Grandparents here, there, and everywhere.
Posted On March 24, 2017
During his stand-up routine in the Spike Lee movie, “The Kings of Comedy,” the late comedian Bernie Mac had a memorable bit bemoaning the disappearance of grandmothers.
He wasn’t necessarily talking about grandmothers in the literal sense, but grandmothers as he knew them growing up – old ladies who had no patience for foolishness and no qualms about yanking an unruly youngster in line.
“Big Mama’s gone,” Mac said. “What’s Big Mama now, 36?”
Are grandparents really getting younger?
According to the Wall Street Journal, not so much. With nearly one in seven children in the U.S. now being born to parents aged 35 and older, WSJ notes, the percentage of women between ages 60 and 64 who have no grandchildren, only 10 percent in the 1990s, is expected to reach 25 percent by 2020. The estimated median age for grandparents in 2015: 64.
But according to StatisticBrain.com, the average age at which people first became grandparents in 2016 was 48. Eighty percent of them had welcomed their first grandchild before their 60th birthday. Sixty percent of them hold either a full-time or part-time job.
Even if that does include Walmart greeters, it’s still a large number.
Now let’s compare those numbers with some from thespruce.com, which recently looked at the numbers from a 2002 AARP report on grandparents. The average age of grandparents in 2002: 64. The average age at which people first became grandparents: 47.
These are still your parents’ grandparents.
There’s one thing that’s clear, however, regardless of which newspaper you read – whatever their ages, the ranks of grandparents are growing by leaps and bounds. According to the New York Times, the number of U.S. grandparents grew 24 percent from 2001 to 2014, when their numbers totaled nearly 70 million.

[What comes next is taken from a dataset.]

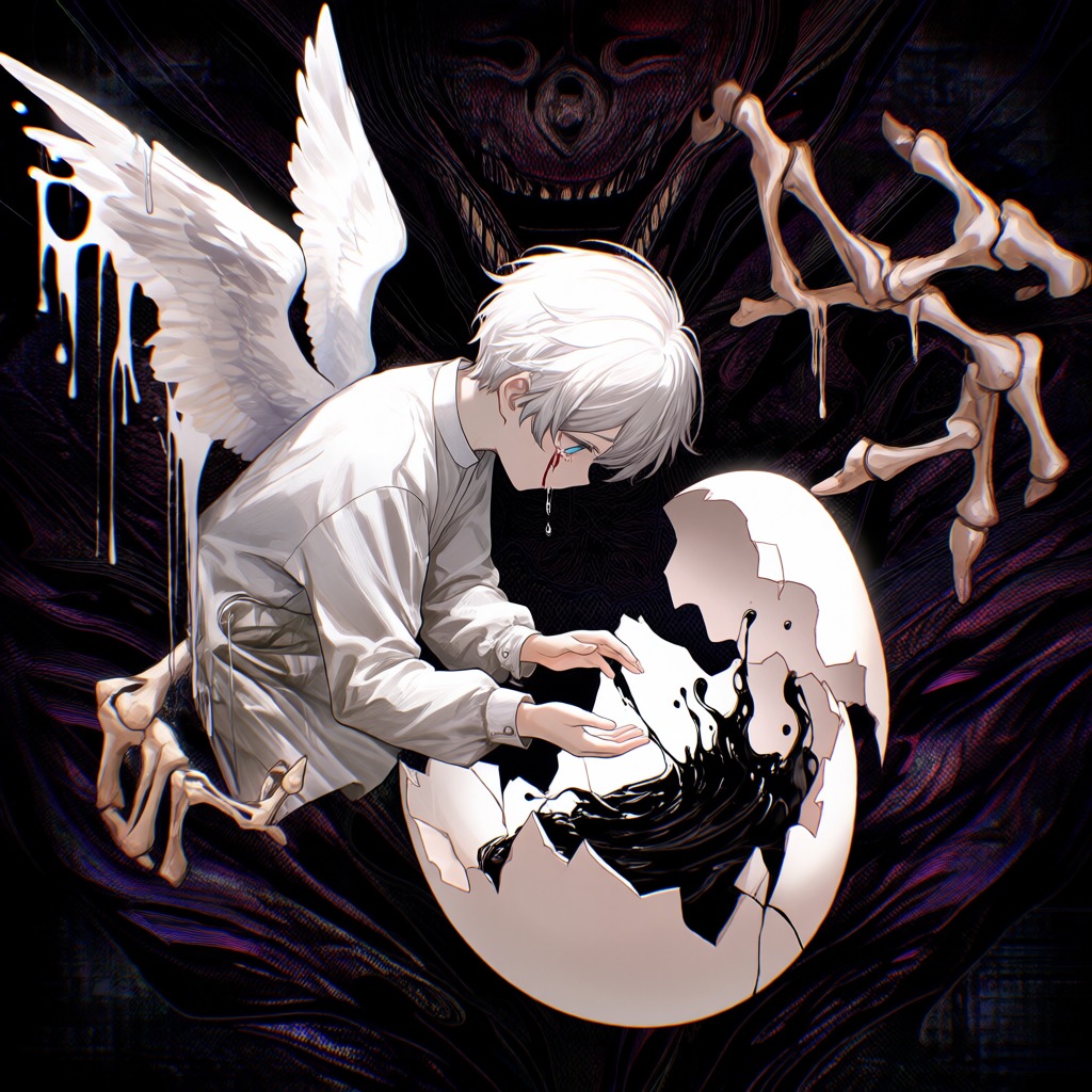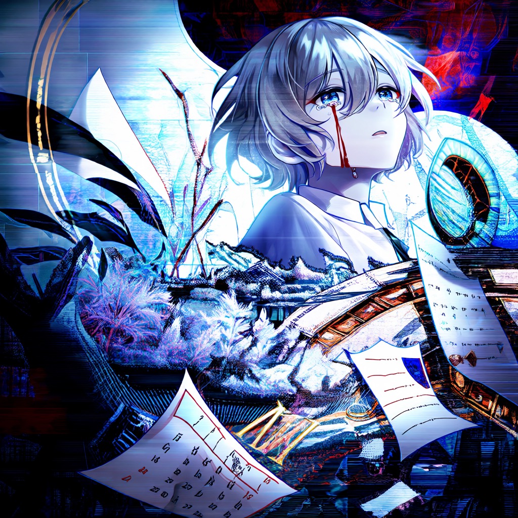 Acid Techno, Electropop, Bubblegum Pop, Indie, Hyper Vocaloid, Game soundtrack, Japanese style, innocent dark fairy tale, Aggressive, cute, spooky, playful, dreamy, and addictive, edgy, and catchy rhythms and melodies, I feel anxious, 16-beat rhythms, minor chords, changing keys and BPMs, and frenzied yet delicate vocals

With Baby Boomers hitting the grandparental sweet spot, those numbers will only grow and grandparents will become an even larger portion of the population in the coming years. According to the Wall Street Journal, there are projected to be 80 million in the U.S. by 2020. The Times quoted Fordham University professor Carole Cox as saying that by the year 2050, there will be more people over 65 than under 18.
It’s a great time to own stock in Hershey’s or Reese’s. There are going to be a lot of people with grandchildren to spoil.